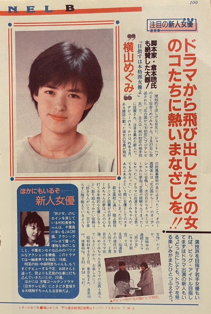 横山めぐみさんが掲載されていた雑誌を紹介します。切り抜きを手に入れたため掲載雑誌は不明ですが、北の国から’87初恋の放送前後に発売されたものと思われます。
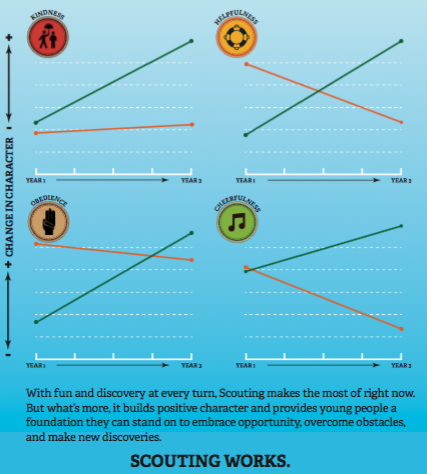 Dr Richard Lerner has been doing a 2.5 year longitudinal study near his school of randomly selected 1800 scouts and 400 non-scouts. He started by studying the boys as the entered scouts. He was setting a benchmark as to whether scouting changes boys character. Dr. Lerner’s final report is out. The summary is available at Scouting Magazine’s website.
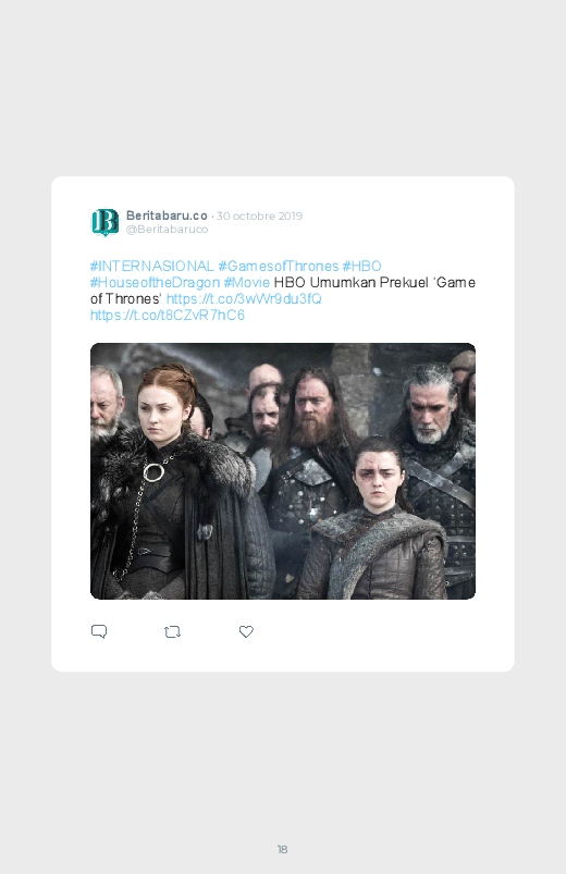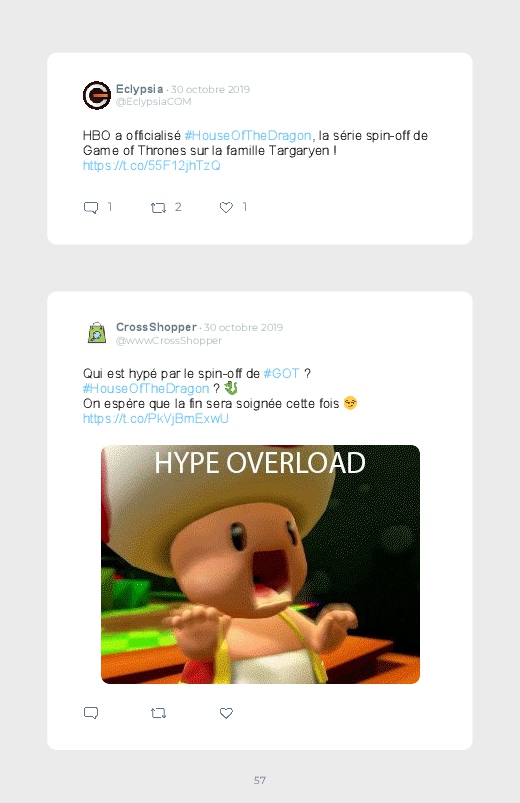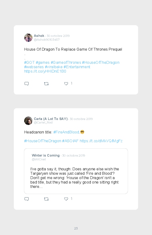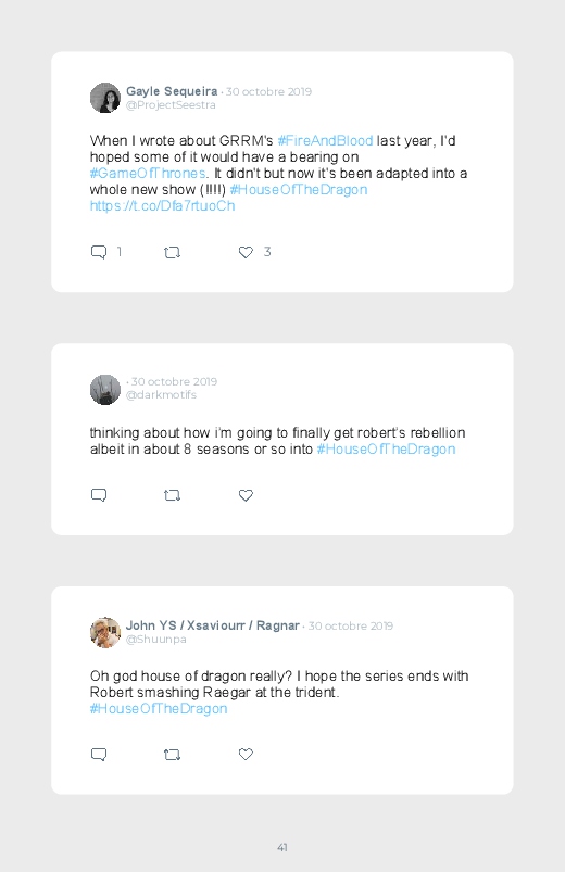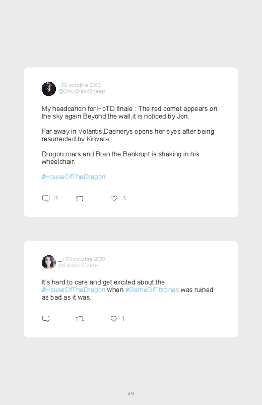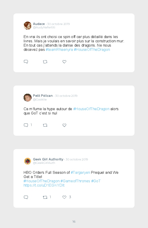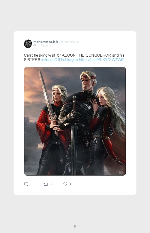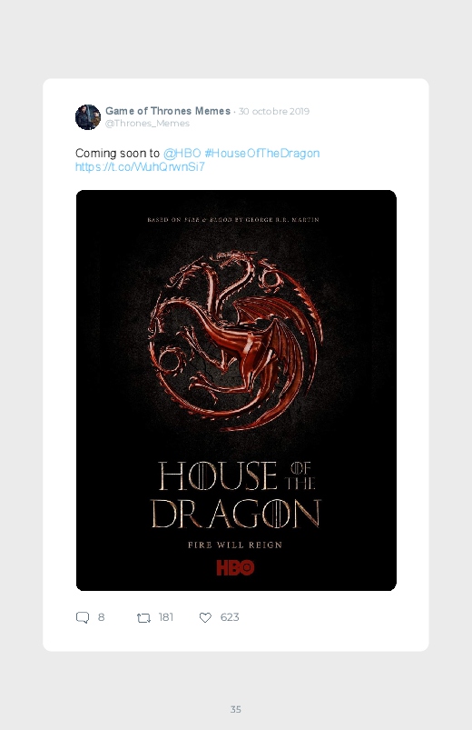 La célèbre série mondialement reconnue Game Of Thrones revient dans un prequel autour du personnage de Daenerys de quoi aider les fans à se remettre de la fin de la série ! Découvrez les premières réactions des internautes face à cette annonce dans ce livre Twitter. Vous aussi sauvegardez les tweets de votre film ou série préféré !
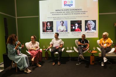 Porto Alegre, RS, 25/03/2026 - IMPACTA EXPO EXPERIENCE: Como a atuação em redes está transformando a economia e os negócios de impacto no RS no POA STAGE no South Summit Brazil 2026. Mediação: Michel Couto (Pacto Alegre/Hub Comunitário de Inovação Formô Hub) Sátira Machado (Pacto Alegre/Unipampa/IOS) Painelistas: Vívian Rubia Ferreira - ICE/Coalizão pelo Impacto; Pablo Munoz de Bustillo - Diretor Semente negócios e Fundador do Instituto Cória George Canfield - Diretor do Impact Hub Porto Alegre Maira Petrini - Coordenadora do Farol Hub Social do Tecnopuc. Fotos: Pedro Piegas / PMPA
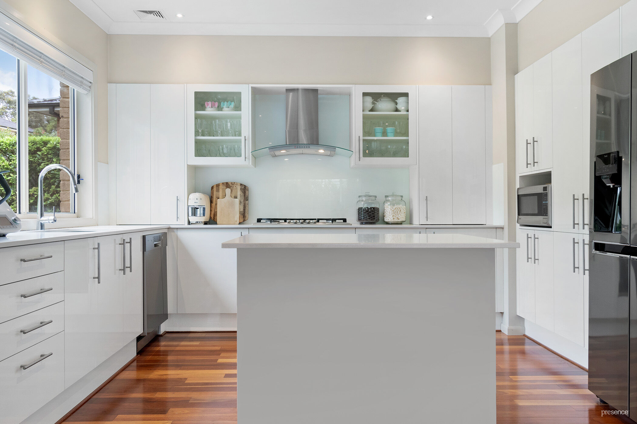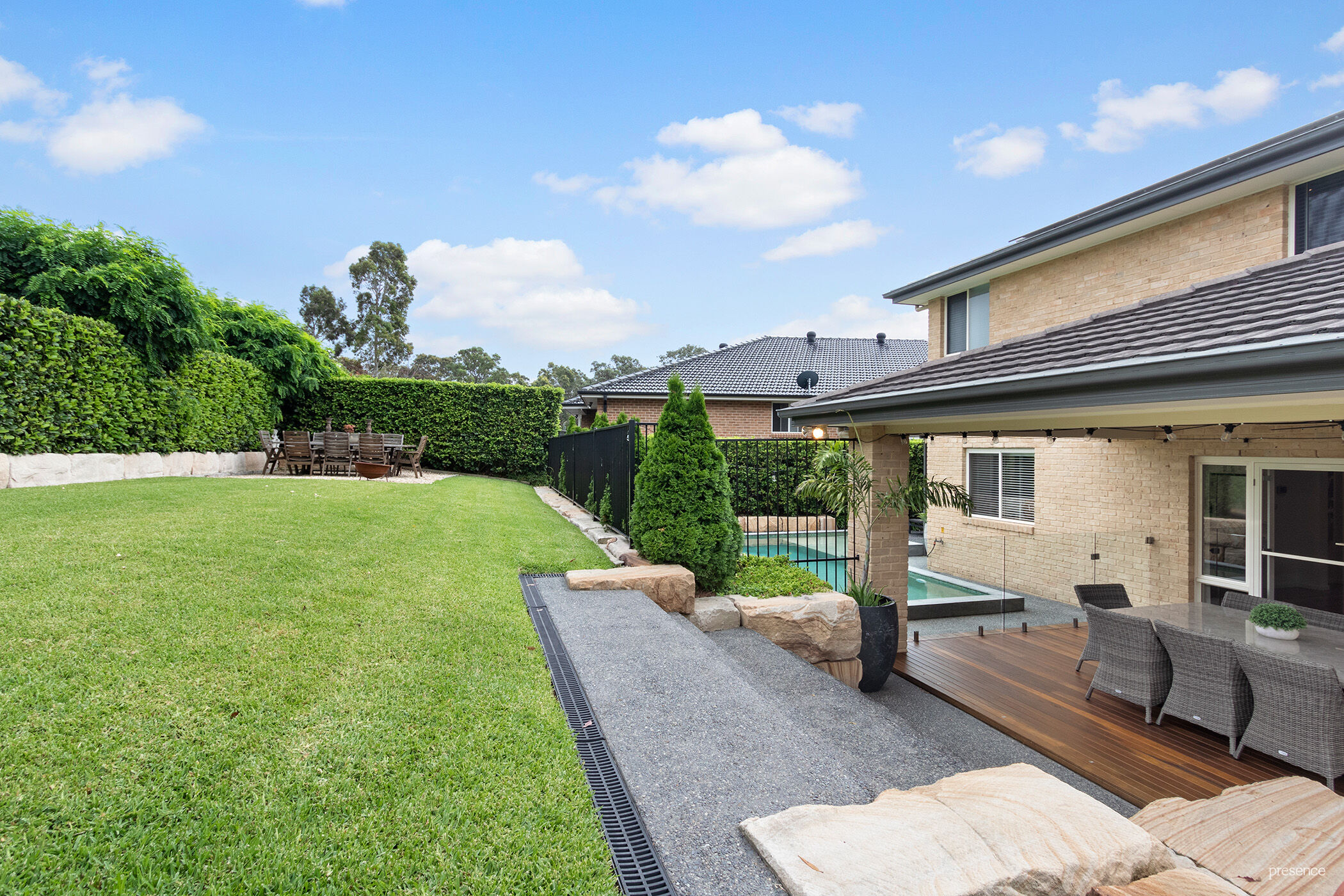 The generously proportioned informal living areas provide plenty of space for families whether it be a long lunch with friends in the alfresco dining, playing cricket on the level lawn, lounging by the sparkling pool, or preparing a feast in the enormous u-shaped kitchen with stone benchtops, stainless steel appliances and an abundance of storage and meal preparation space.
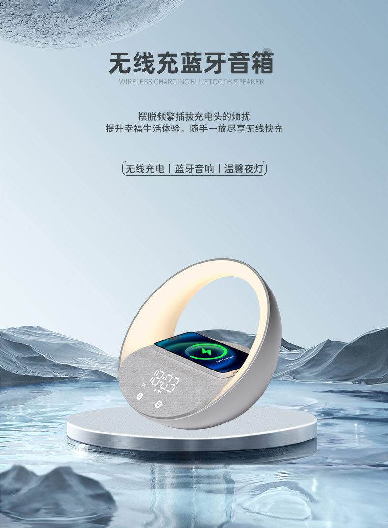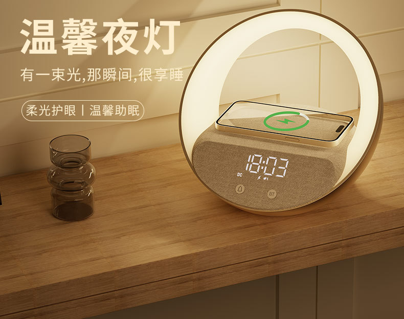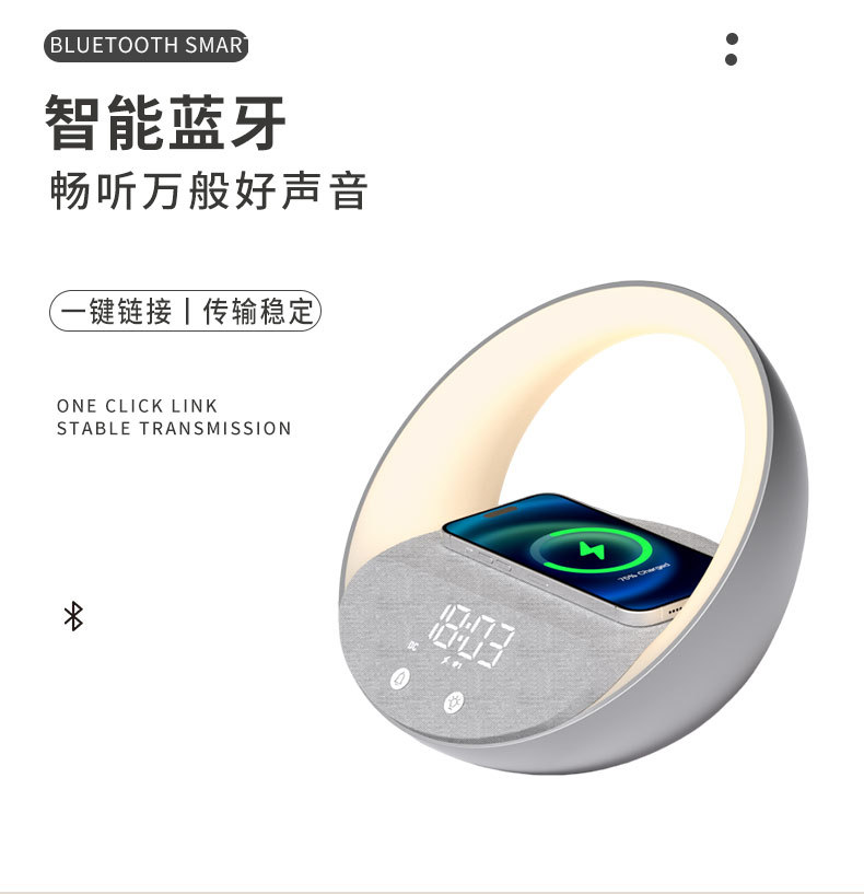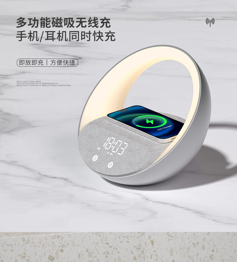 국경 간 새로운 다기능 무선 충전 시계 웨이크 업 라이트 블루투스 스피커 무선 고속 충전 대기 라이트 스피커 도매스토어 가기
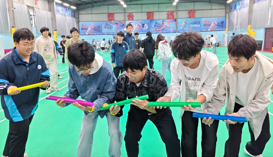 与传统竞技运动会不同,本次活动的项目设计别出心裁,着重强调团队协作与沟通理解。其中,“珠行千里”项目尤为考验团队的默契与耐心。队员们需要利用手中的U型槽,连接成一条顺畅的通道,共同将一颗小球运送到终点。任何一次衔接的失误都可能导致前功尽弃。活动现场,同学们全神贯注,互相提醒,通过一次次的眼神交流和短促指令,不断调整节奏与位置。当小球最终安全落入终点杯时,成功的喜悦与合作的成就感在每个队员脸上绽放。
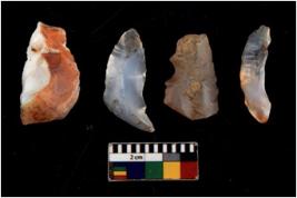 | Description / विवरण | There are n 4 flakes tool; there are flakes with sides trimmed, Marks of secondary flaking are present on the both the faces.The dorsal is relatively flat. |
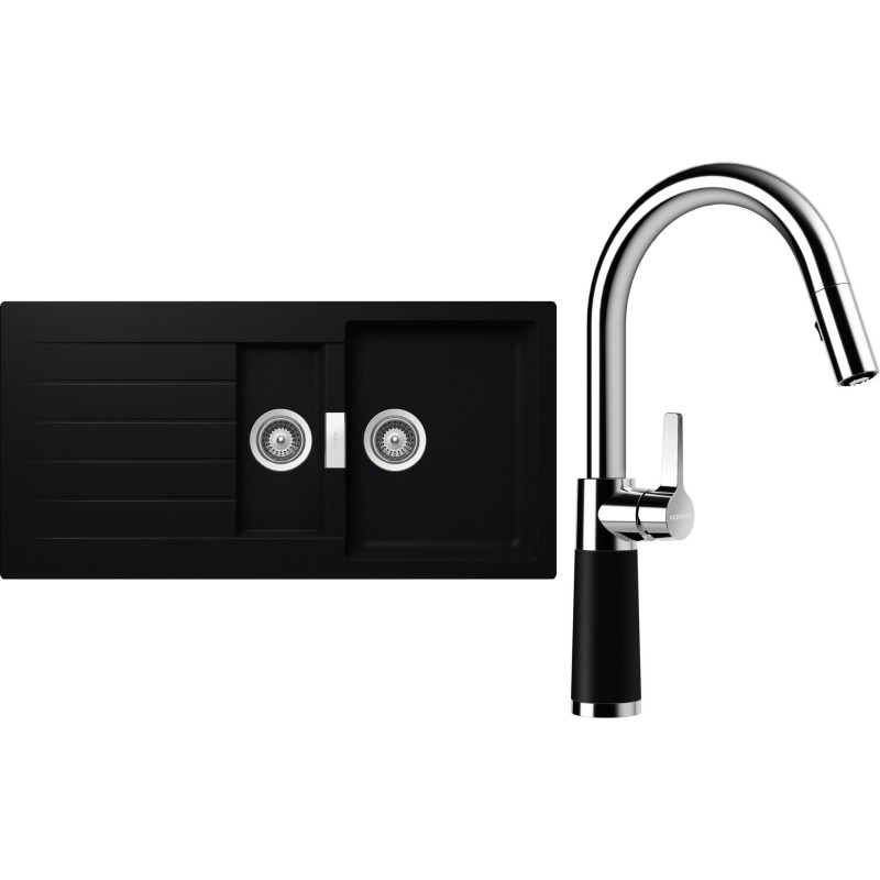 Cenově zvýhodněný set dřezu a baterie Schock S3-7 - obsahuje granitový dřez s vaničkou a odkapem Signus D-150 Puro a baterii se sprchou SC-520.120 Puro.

=-=-=-=-=

Would you reproduce the listing above exactly, without any of its images?

 横山めぐみさんが掲載されていた雑誌を紹介します。切り抜きを手に入れたため掲載雑誌は不明ですが、北の国から’87初恋の放送前後に発売されたものと思われます。
 Dr Richard Lerner has been doing a 2.5 year longitudinal study near his school of randomly selected 1800 scouts and 400 non-scouts. He started by studying the boys as the entered scouts. He was setting a benchmark as to whether scouting changes boys character. Dr. Lerner’s final report is out. The summary is available at Scouting Magazine’s website.
 La célèbre série mondialement reconnue Game Of Thrones revient dans un prequel autour du personnage de Daenerys de quoi aider les fans à se remettre de la fin de la série ! Découvrez les premières réactions des internautes face à cette annonce dans ce livre Twitter. Vous aussi sauvegardez les tweets de votre film ou série préféré !
 Porto Alegre, RS, 25/03/2026 - IMPACTA EXPO EXPERIENCE: Como a atuação em redes está transformando a economia e os negócios de impacto no RS no POA STAGE no South Summit Brazil 2026. Mediação: Michel Couto (Pacto Alegre/Hub Comunitário de Inovação Formô Hub) Sátira Machado (Pacto Alegre/Unipampa/IOS) Painelistas: Vívian Rubia Ferreira - ICE/Coalizão pelo Impacto; Pablo Munoz de Bustillo - Diretor Semente negócios e Fundador do Instituto Cória George Canfield - Diretor do Impact Hub Porto Alegre Maira Petrini - Coordenadora do Farol Hub Social do Tecnopuc. Fotos: Pedro Piegas / PMPA
 The generously proportioned informal living areas provide plenty of space for families whether it be a long lunch with friends in the alfresco dining, playing cricket on the level lawn, lounging by the sparkling pool, or preparing a feast in the enormous u-shaped kitchen with stone benchtops, stainless steel appliances and an abundance of storage and meal preparation space.
 국경 간 새로운 다기능 무선 충전 시계 웨이크 업 라이트 블루투스 스피커 무선 고속 충전 대기 라이트 스피커 도매스토어 가기
 与传统竞技运动会不同,本次活动的项目设计别出心裁,着重强调团队协作与沟通理解。其中,“珠行千里”项目尤为考验团队的默契与耐心。队员们需要利用手中的U型槽,连接成一条顺畅的通道,共同将一颗小球运送到终点。任何一次衔接的失误都可能导致前功尽弃。活动现场,同学们全神贯注,互相提醒,通过一次次的眼神交流和短促指令,不断调整节奏与位置。当小球最终安全落入终点杯时,成功的喜悦与合作的成就感在每个队员脸上绽放。
 | Description / विवरण | There are n 4 flakes tool; there are flakes with sides trimmed, Marks of secondary flaking are present on the both the faces.The dorsal is relatively flat. |
 Cenově zvýhodněný set dřezu a baterie Schock S3-7 - obsahuje granitový dřez s vaničkou a odkapem Signus D-150 Puro a baterii se sprchou SC-520.120 Puro.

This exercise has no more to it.